● Your objective:
Beginning with the line that holds "Maison de plain" and finishing with the line that holds "Cute Girls Zipper", repeat the listing exactly, leaving every picture out.

● Stored data:
=== Begin Enclosure ===
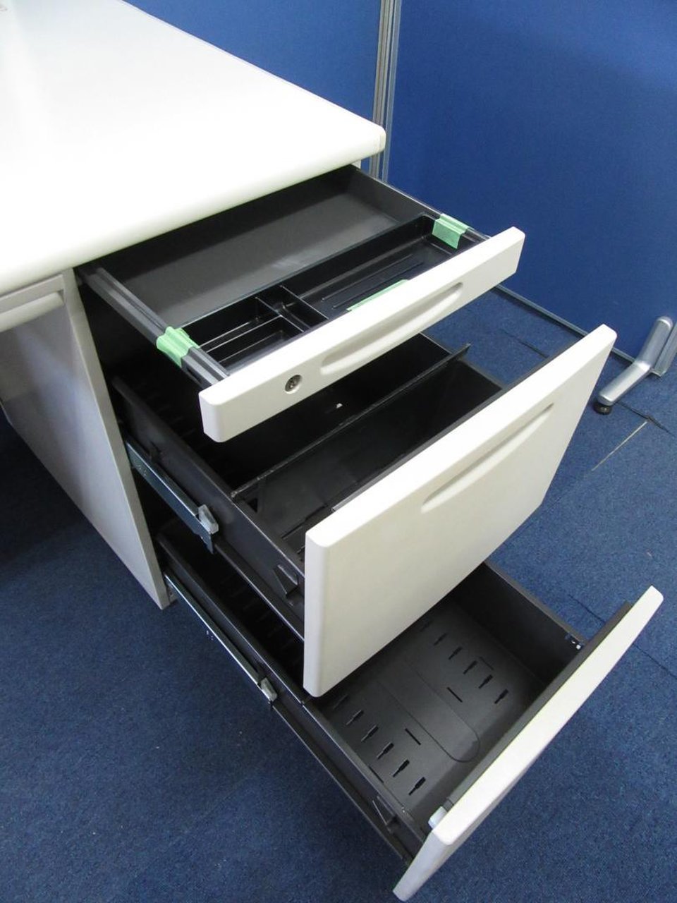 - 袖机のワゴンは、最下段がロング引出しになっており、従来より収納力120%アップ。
=== End Enclosure ===
=== Begin Enclosure ===
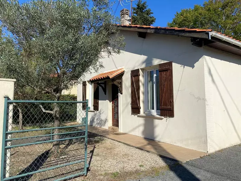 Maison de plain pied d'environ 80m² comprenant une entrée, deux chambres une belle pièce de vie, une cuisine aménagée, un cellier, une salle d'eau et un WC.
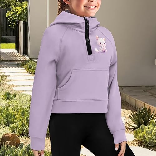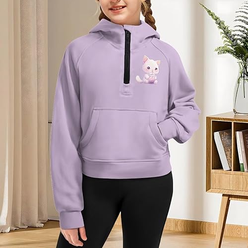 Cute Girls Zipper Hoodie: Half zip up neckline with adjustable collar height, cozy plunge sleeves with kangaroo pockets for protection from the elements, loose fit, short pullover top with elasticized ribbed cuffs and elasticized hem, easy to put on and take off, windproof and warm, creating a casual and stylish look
=== End Enclosure ===
● Written solution:
 Maison de plain pied d'environ 80m² comprenant une entrée, deux chambres une belle pièce de vie, une cuisine aménagée, un cellier, une salle d'eau et un WC.
 Cute Girls Zipper Hoodie: Half zip up neckline with adjustable collar height, cozy plunge sleeves with kangaroo pockets for protection from the elements, loose fit, short pullover top with elasticized ribbed cuffs and elasticized hem, easy to put on and take off, windproof and warm, creating a casual and stylish look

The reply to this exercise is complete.